About twenty years later the biography of Mohammed made an enormous advance through the works of Muir, Sprenger, and Nôldeke. On the ground of much wider and at the same time deeper study of the sources than had been possible for Weil and Caussin de Perceval, each of these three scholars gave in his own way an account of the origin of Islâm. Nôldeke was much sharper and more cautious in his historical criticism than Muir or Sprenger. While the biographies written by these two men have now only historical value, Nôldeke's _History of the Qorân_ is still an indispensable instrument of study more than half a century after its first appearance.

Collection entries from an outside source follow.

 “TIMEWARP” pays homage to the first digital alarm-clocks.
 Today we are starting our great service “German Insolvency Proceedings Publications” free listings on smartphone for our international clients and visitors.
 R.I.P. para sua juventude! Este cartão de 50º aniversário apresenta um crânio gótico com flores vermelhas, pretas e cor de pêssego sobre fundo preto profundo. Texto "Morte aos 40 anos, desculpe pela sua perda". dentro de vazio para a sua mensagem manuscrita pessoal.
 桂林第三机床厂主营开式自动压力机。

Numbers of more or less successful efforts to make Mohammed's life understood by the nineteenth century intellect have followed these without much permanent gain. Mohammed, who was represented to the public in turn as deceiver, as a genius mislead by the Devil, as epileptic, as hysteric, and as prophet, was obliged later on even to submit to playing on the one hand the part of socialist and, on the other hand, that of a defender of capitalism. These points of view were principally characteristic of the temperament of the scholars who held them; they did not really advance our understanding of the events that took place at Mecca and Medina between 610 and 632 A.D., that prologue to a perplexing historical drama.

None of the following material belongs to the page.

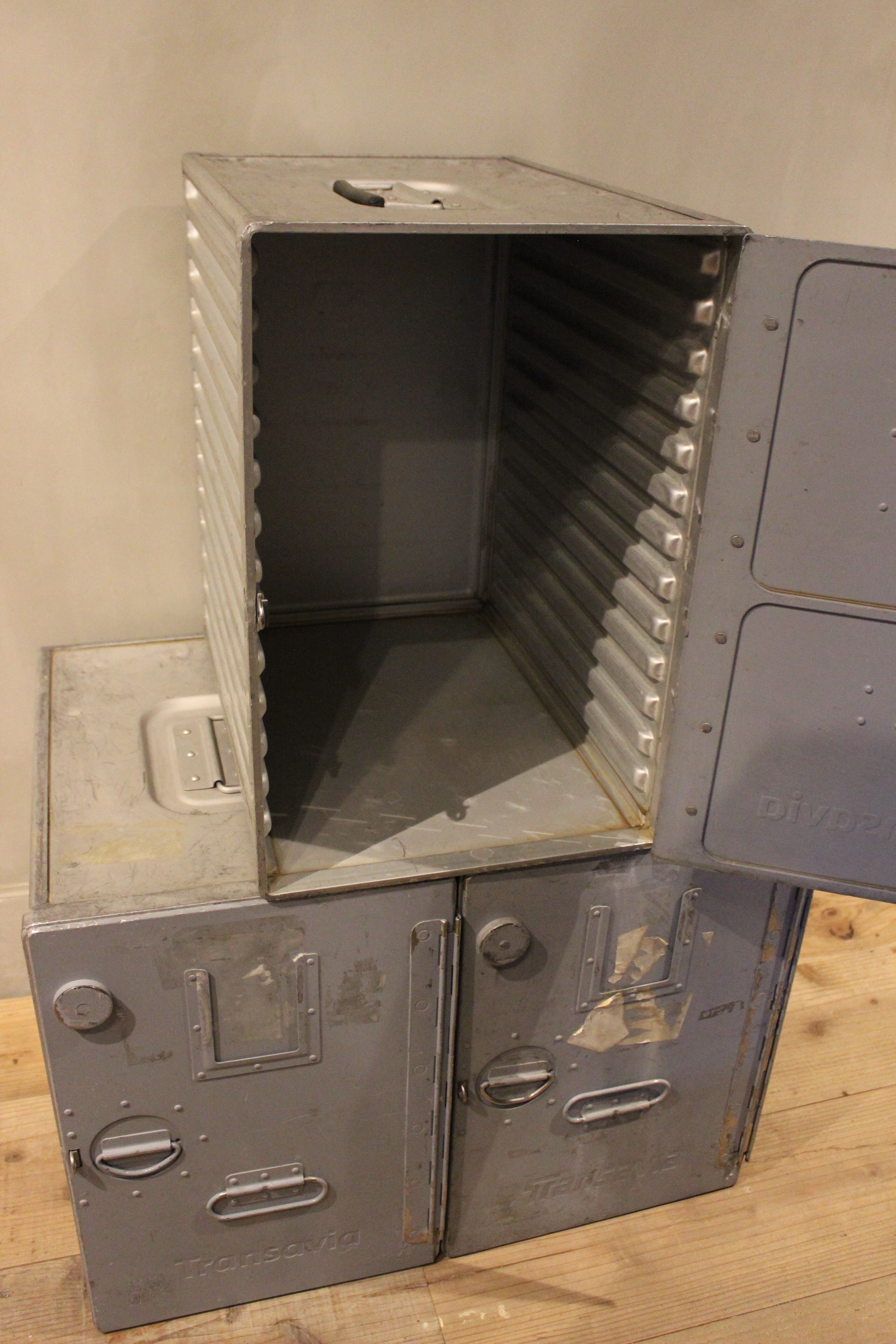 航空会社"TRANSAVIA"の刻印が施されているgalley box。

The principal source from which all biographers started and to which they always returned, was the Qorân, the collection of words of Allah spoken by Mohammed in those twenty-two years. Hardly anyone, amongst the "faithful" and the "unfaithful," doubts the generally authentic character of its contents except the Parisian professor Casanova.[1] He tried to prove a little while ago that Mohammed's revelations originally contained the announcement that the HOUR, the final catastrophe, the Last judgment would come during his life. When his death had therefore falsified this prophecy, according to Casanova, the leaders of the young community found themselves obliged to submit the revelations preserved in writing or memory to a thorough revision, to add some which announced the mortality even of the last prophet, and, finally to console the disappointed faithful with the hope of Mohammed's return before the end of the world. This doctrine of the return, mentioned neither in the Qorân nor in the eschatological tradition of later times, according to Casanova was afterwards changed again into the expectation of the Mahdî, the last of Mohammed's deputies, "a Guided of God," who shall be descended from Mohammed, bear his name, resemble him in appearance, and who shall fill the world once more before its end with justice, as it is now filled with injustice and tyranny.